Noicattaro. Premio Nobel ad Anna Lasorella (13)

 

Ancora una volta un’eccellenza nojana porta orgoglio al nostro paese, ancora una volta una personalità del campo scientifico che si distingue come pochi nel ramo della ricerca e della sperimentazione. Parliamo della nostra concittadina, la dott.ssa Anna Lasorella.

Poco meno di un anno fa la pediatra, esperta di tumori celebrali, fu ospite di una serata organizzata dall’Azione Cattolica della parrocchia S. Maria del Carmine e venne intervistata dai nostri microfoni sui suoi studi che ormai da anni porta avanti presso l’Università americana della Columbia, insieme ad un’equipe specializzata e al marito Antonio Iavarone - anche lui pediatra - con i quali ha scoperto l’Huwe1, uno dei geni coinvolto nello sviluppo e nella crescita delle cellule staminali tumorali.

A distanza di poco meno di un anno, Anna e suo marito sono i protagonisti di un altro strabiliante successo: il 6 Gennaio scorso, sulla rivista Nature, è stato pubblicato il loro ultimo studio riguardante una nuova proteina coinvolta nella crescita e nella riproduzione incontrollata delle cellule staminali cancerogene che generano il glioblastoma.

L’ID2 - così è stata designata la proteina - risulta essere immune ai trattamenti chemioterapici e per questo motivo tale tipologia tumorale risulta ancora difficile da sconfiggere. Sconfiggere un nemico è possibile solo quando si conoscono tutti i suoi punti deboli, e per questo lo studio di Anna Lasorella risulta essere così importante.

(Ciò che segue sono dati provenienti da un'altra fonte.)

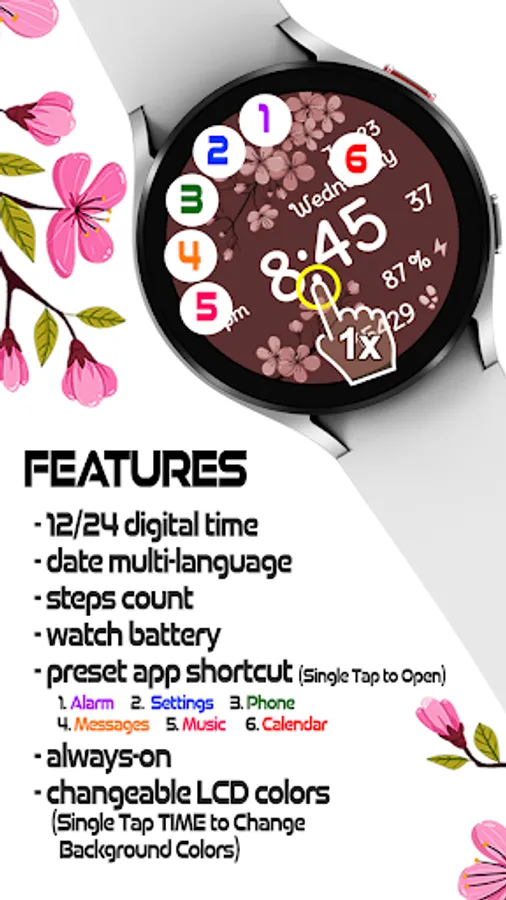* If you are having synchronization problems between your phone and Play Store, install the app directly from watch: search "Sakura Color Bloom" from Play Store ON WATCH and hit on install button.
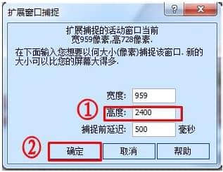 2.弹出“扩展窗口捕捉”窗口对话框,在高度文本框中输入“2400”。记得留足高度,否则无法完成截图,宽度可以忽略。软件会自动获取窗口宽度。

“I meccanismi che mantengono le cellule staminali del cancro - si evince dall’abstract dell’articolo - sono cruciali per la progressione del tumore. La proteina ID2 supporta le caratteristiche del cancro, tra cui lo stato di indifferenziazione delle cellule staminali, e il nostro studio ha stabilito che l’ID2 rimane attiva a causa della ridotta concentrazione di ossigeno nella massa tumorale. La sua disattivazione potrebbe influire sullo sviluppo del tumore”.

È il punto di partenza per l’ideazione di nuove cure più promettenti, ma la strada è ancora lunga e auguriamo ad Anna Lasorella e a suo marito che il loro lavoro continui a procedere spedito.

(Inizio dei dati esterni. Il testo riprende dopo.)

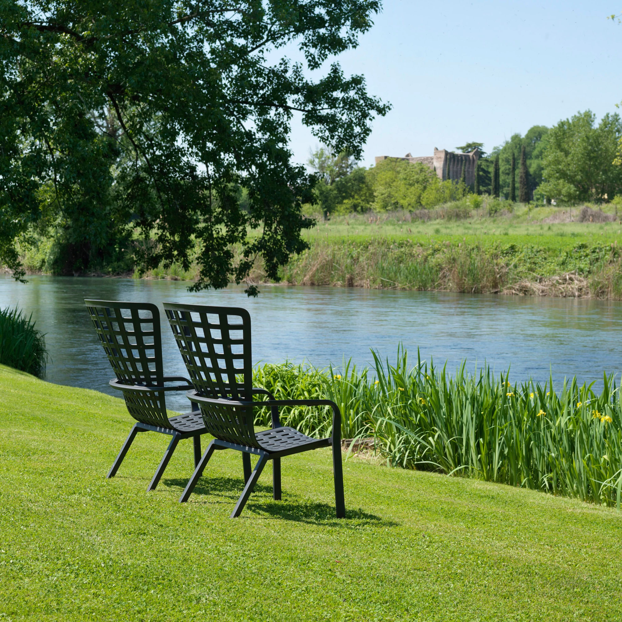 Folio is an elegant outdoor reclining armchair designed for comfort and style, with a flowing, enveloping backrest that seamlessly merges into a generously lowered seat. Made from durable fiberglass resin, it features a modern perforated square pattern and a matte finish, available in sophisticated colors like white, anthracite, tortora, agave, and tobacco. The chair reclines into two comfortable positions, allowing you to relax effortlessly in the open air. Cushions are available on request and designed specifically for outdoor use, crafted from Lino fabric at approximately 40% extra cost. The non-removable cushions are 7 cm thick, made with polyurethane foam padding at a density of 18 kg/m³, and secured with fabric straps and Velcro for a clean, secure fit. Cushion colors include Arctic and Felce, both blending beautifully with the chair’s natural tones. Folio is the perfect addition to any terrace, patio, or garden space where style and relaxation meet.

L’amaro in bocca rimane, se pensiamo che per poter realizzare tutto questo, la coppia di ricercatori abbia dovuto abbandonare l’Italia, emigrando negli USA.

“Li cercano chi è bravo - ha dichiarato la dottoressa in una precedente intervista rilasciata alla Gazzetta del Mezzogiorno - e l’Italia è indietro per questo motivo, oltre che per la mancanza di finanziamenti. Bisogna investire risorse economiche e umane, lasciando spazio alle menti più brillanti, premiando chi più merita”.

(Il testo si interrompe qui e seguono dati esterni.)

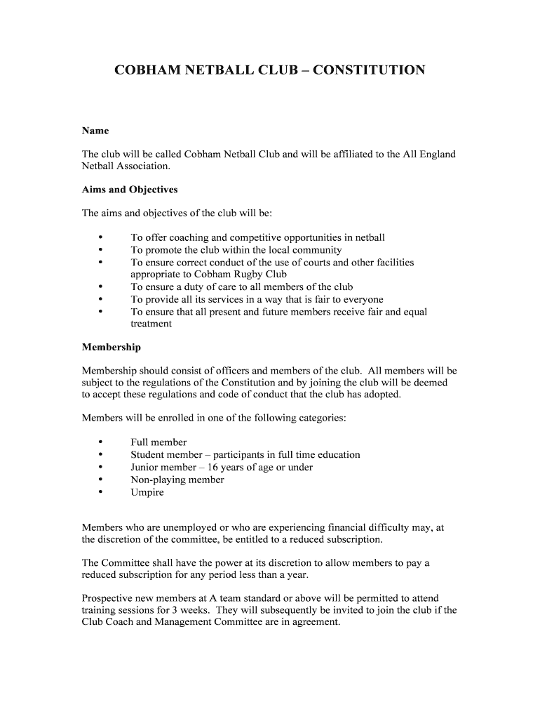 Start by reading the existing constitution of Cobham Netball Club to understand its structure and content.

Nonostante tutto la dott.ssa Anna Lasorella continua ad essere molto attaccata al suo paese e torna a Noicattaro ben volentieri; qui ormai è diventata, per molti giovani universitari, un modello da seguire.

La sua determinazione è un incoraggiamento a non porsi limiti di spazio e di tempo e a conseguire i propri obiettivi.


[da La Voce del Paese del 16 Gennaio]

Commenti 

 
#1 vercingetorige 2016-01-22 14:03
vai avanti così, Anna. Hai fatto benissimo a lasciare l'Italia, dove vanno avanti solo chi ha coperture politiche. Quando vedo te, mi ricordo tuo fratello Vito, un mio carissimo amico. In Bocca al lupo a te e a tuo marito.